- [Work to complete]:
When you reach the line containing "64871242-F7-1 You are", repeat that line and each one after it exactly until the records end, leaving out pictures.
─── Input data ───
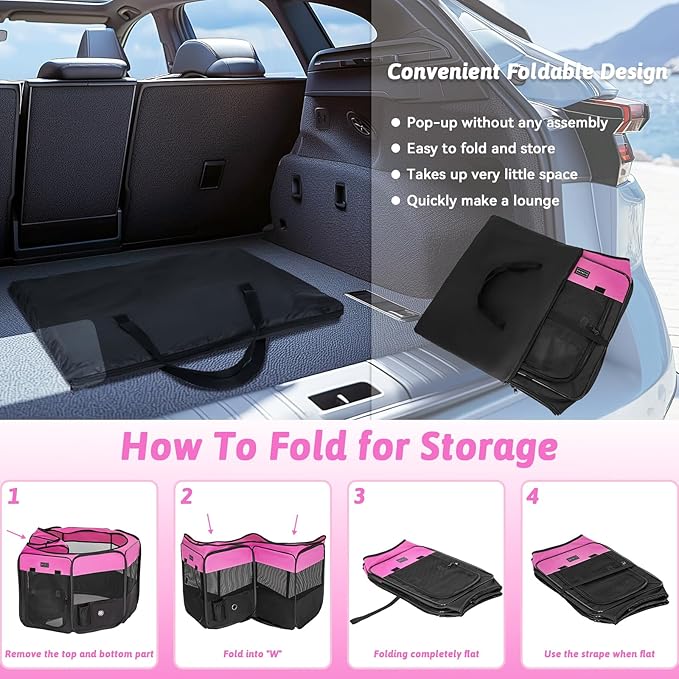 - 3-Second Setup & Travel-Ready:This lightweight pet playpen comes with a carrying bag for easy transport, sets up quickly and folds flat, includes two pockets and a water bottle holder, ideal for travel and camping with no assembly required
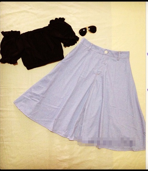 เสื้อเปิดไหล่ สีน้ำเงิน , ดำ กับ กระโปรงเอวสูงลายขวาง (ขายแยกนะคะ)
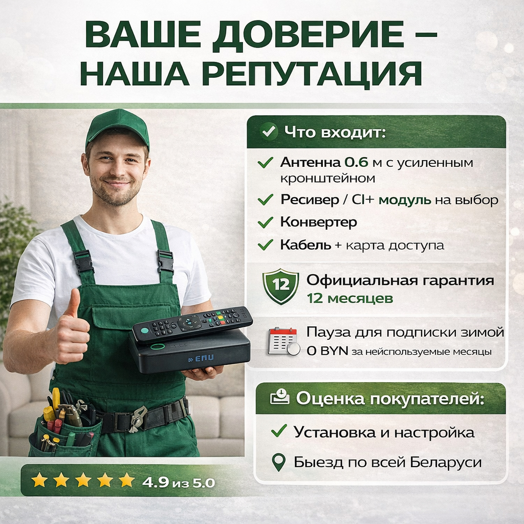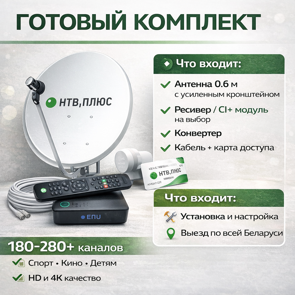 Забудьте о плохом приеме ТВ за городом! Предлагаем готовое решение для стабильного просмотра любимых каналов в любой точке Беларуси. Спутниковый комплект НТВ-Плюс — это идеальный выбор для дачи, где обычная антенна не ловит, а мобильный интернет работает нестабильно.
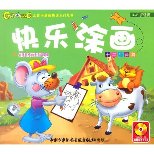 《快乐涂画:十二生肖篇》画册与教学光碟既有画法,又有思路,最大的特点就是每一集都有一段与家长的沟通,帮助家长发现孩子在绘画活动中出现的问题并加以解决,让孩子迅速地掌握卡通绘画技法,对绘画产生浓厚兴趣。
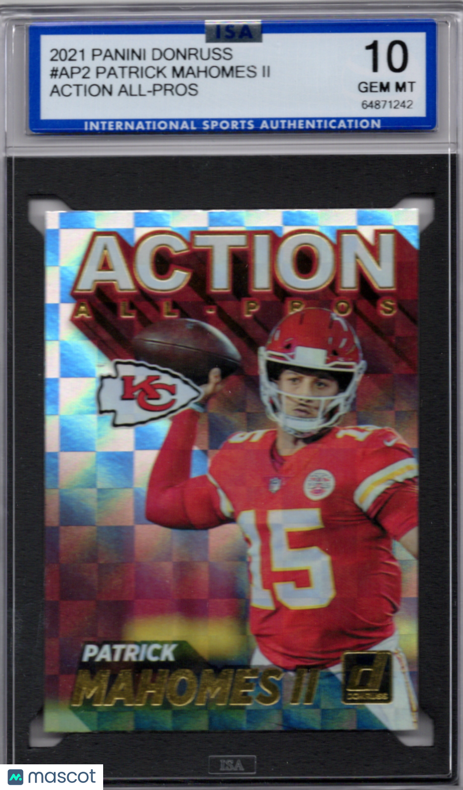 64871242-F7-1 You are purchasing a 2021 Panini Donruss Patrick Mahomes II #Ap2 Action All-Pros ISA 10. You will receive the exact item in the photographs. Thank you for looking. Listed With Mascot.Returns & Exchanges
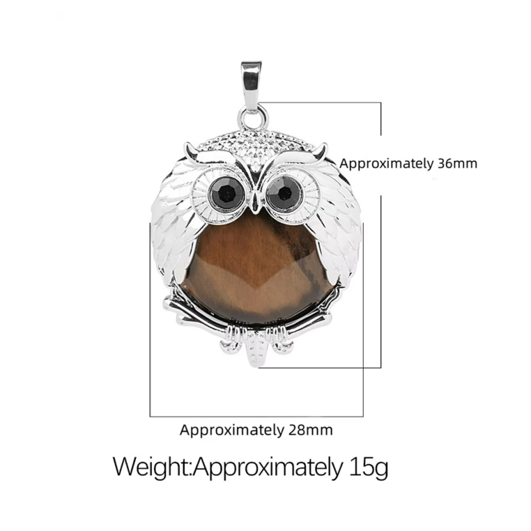 Ciondolo all'ingrosso a forma di gufo in argento con pietra naturale, ciondolo rotondo delicato con cristallo curativo per la creazione di gioielli
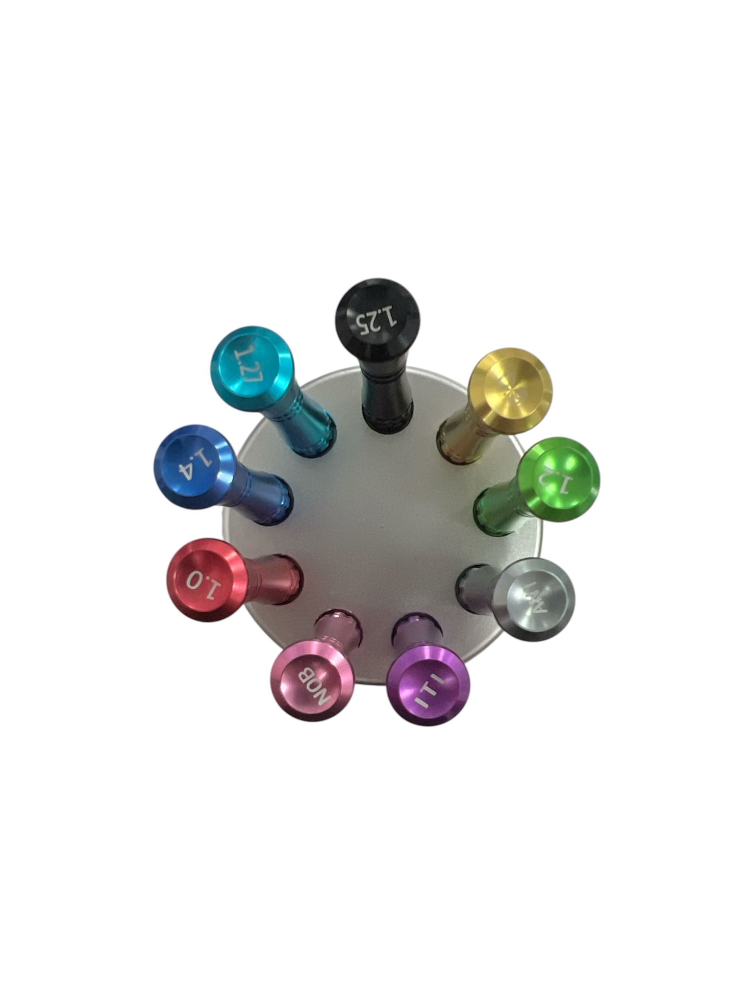 Farklı implant markalarıyla tam uyumlu olan bu set, 9 adet farklı uçlu implant anahtarı ve bu anahtarları düzenli bir şekilde saklamak için özel bir stant içerir.
───
- [Answer below]:
 64871242-F7-1 You are purchasing a 2021 Panini Donruss Patrick Mahomes II #Ap2 Action All-Pros ISA 10. You will receive the exact item in the photographs. Thank you for looking. Listed With Mascot.Returns & Exchanges
 Ciondolo all'ingrosso a forma di gufo in argento con pietra naturale, ciondolo rotondo delicato con cristallo curativo per la creazione di gioielli
 Farklı implant markalarıyla tam uyumlu olan bu set, 9 adet farklı uçlu implant anahtarı ve bu anahtarları düzenli bir şekilde saklamak için özel bir stant içerir.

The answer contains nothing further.